What is expected
The answer must consist of every line below that contains the word "BARIS".
(Supplied material begins)
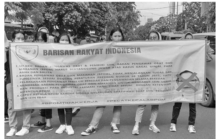
印度尼西亚国阵组织(BARIS)的示威群众

【本报讯】一些属于印度尼西亚国阵组织(BARIS)的群众在药物与食品监督机构(BPOM)办公大楼前举行抗议示威。
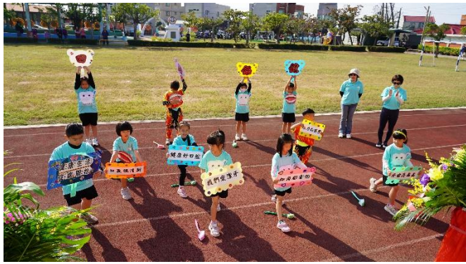
說明：利用社區運動會喚起社區民眾的健康意志
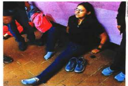
Cuerpos de emergencia llegaron para atender a las heridas. Algunas fueron movilizadas en camilla.
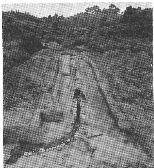
大石組暗渠（南より）

出土した遺物は、古墳時代から中世まで、かなり幅の広い時期にわたっている。土器類では、瓦器が多く、土師器、須恵器、黒色土器、緑釉陶器、磁器があり、そのほか、埴輪、瓦類、硯、滑石製有孔円板、玉類がある。
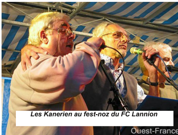
Les Kanerien au fest-noz du FC Lannion
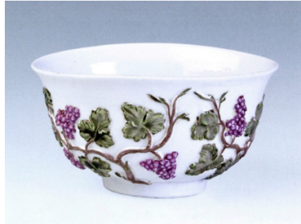
Görsel 2. Dmitry İvanovich Vinogradov, Kase, 1749.

1710'da Meissen ve 1718'de Viyana'da kurulan ilk Avrupa porselen fabrikaları, Çin porselenini taklit ederek üretimlerine başlamıştır. Rus Çarı Büyük Petro, Avrupa ziyaretleri sırasında Avrupa'daki gelişmelerden etkilenerek Rusya'da bir porselen fabrikası kurma arzusu taşımış ve yurt dışından getirttiği hammaddelerle üretime geçmiştir ( www.hermitagemuseum.org ). Porselen fabrikası kurma hayalini henüz gerçekleştirilmeden vefat eden Büyük Petro, kızı İmparatoriçe Elizabeth 1744 yılında, Neva Nehri kıyısında bir porselen fabrikası kurulması için Baron Cherkasov'u görevlendirir. Stockholm'den Rus Porselenlerine katkıda bulunması için Christoph Conrad Hunger'ı St. Petersburg'a davet eder. Hunger, uzunca bir süre fabrikada çalışmasına rağmen deneylerden olumlu sonuçlar alamaz ( www.ipm-jsc.com ).
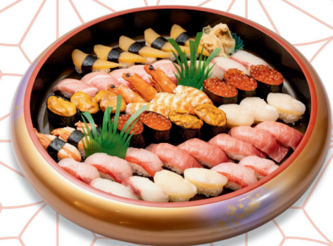
特々上にぎり寿司〈5人盛り〉
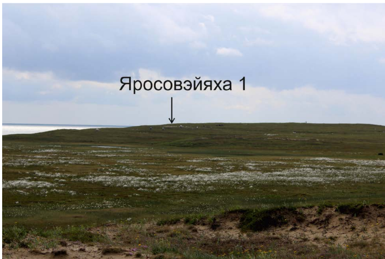
Стоянка Ярославейяха 1. Вид на мыс и стоянку современных кочевников с площадки стоянки Ярославейяха 3

В 2018 г. была проведена инвентаризация состояния выявленного объекта археологического наследия исследовательским отрядом ООО «Ямальская археологическая экспедиция» под руководством И.К. Новикова и Н.В. Перцева. Обследован высокий мыс южной части Бухты Находка, на котором ранее была обнаружена стоянка. Мыс сложен глинистыми породами, площадка мыса относительно ровная, сильно потрескалась вследствие криогенных процессов.
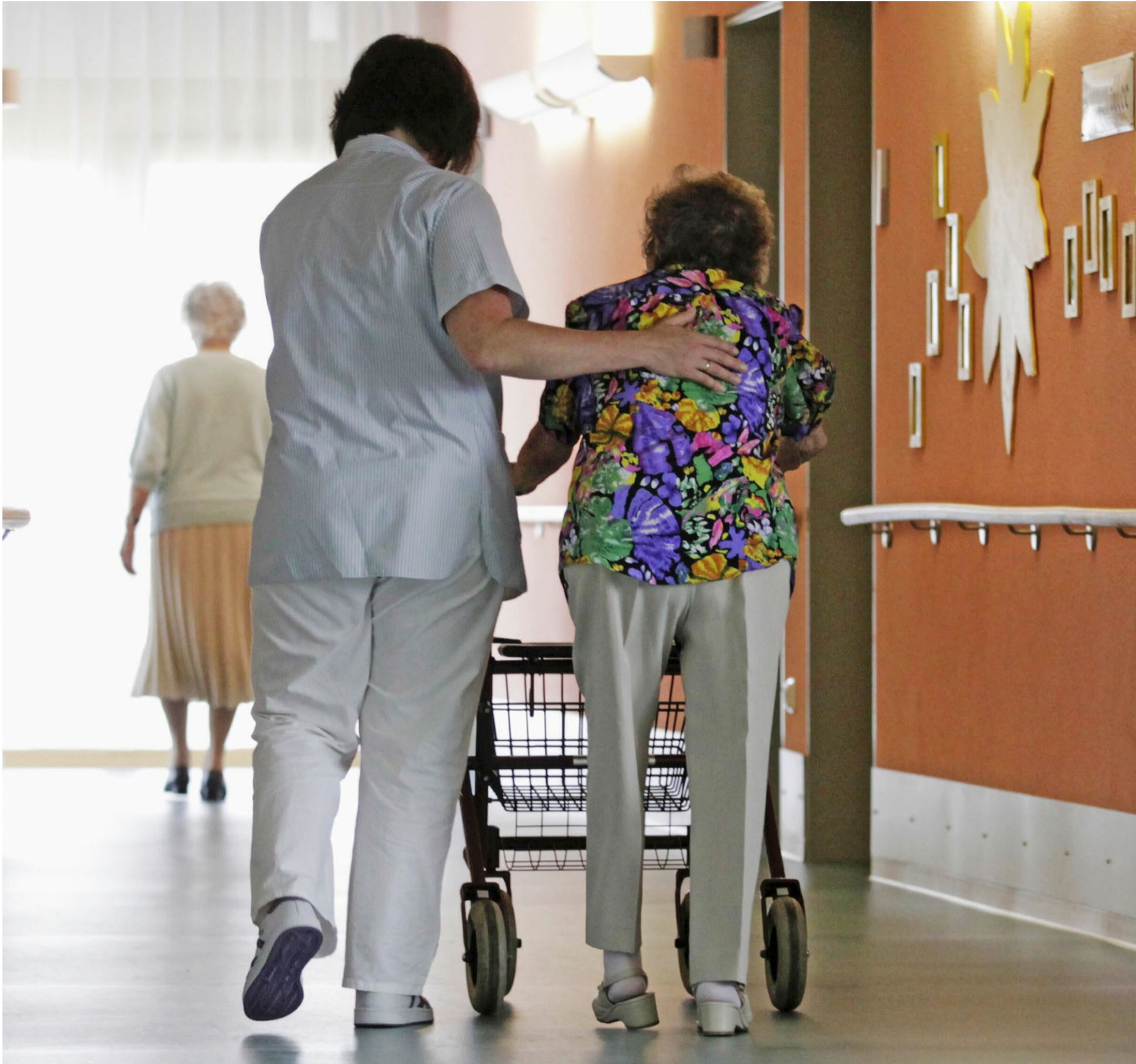
Eine betagte Frau wird von einer Pflegerin umsorgt: In Hunderten von Heimen in der Schweiz sieht die Realität anders aus
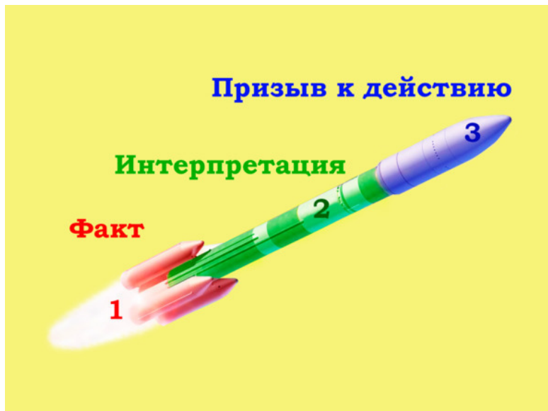
Рисунок 1. Схема убеждения «Ракетой».

Наглядно схема выглядит следующим образом:
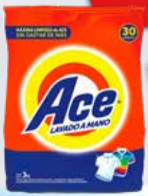
JABON POLVO ACE x 3 kg.
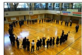
生徒会本部企画 … 他学年交流会の実施
(Supplied material ends)
The completed task
印度尼西亚国阵组织(BARIS)的示威群众
【本报讯】一些属于印度尼西亚国阵组织(BARIS)的群众在药物与食品监督机构(BPOM)办公大楼前举行抗议示威。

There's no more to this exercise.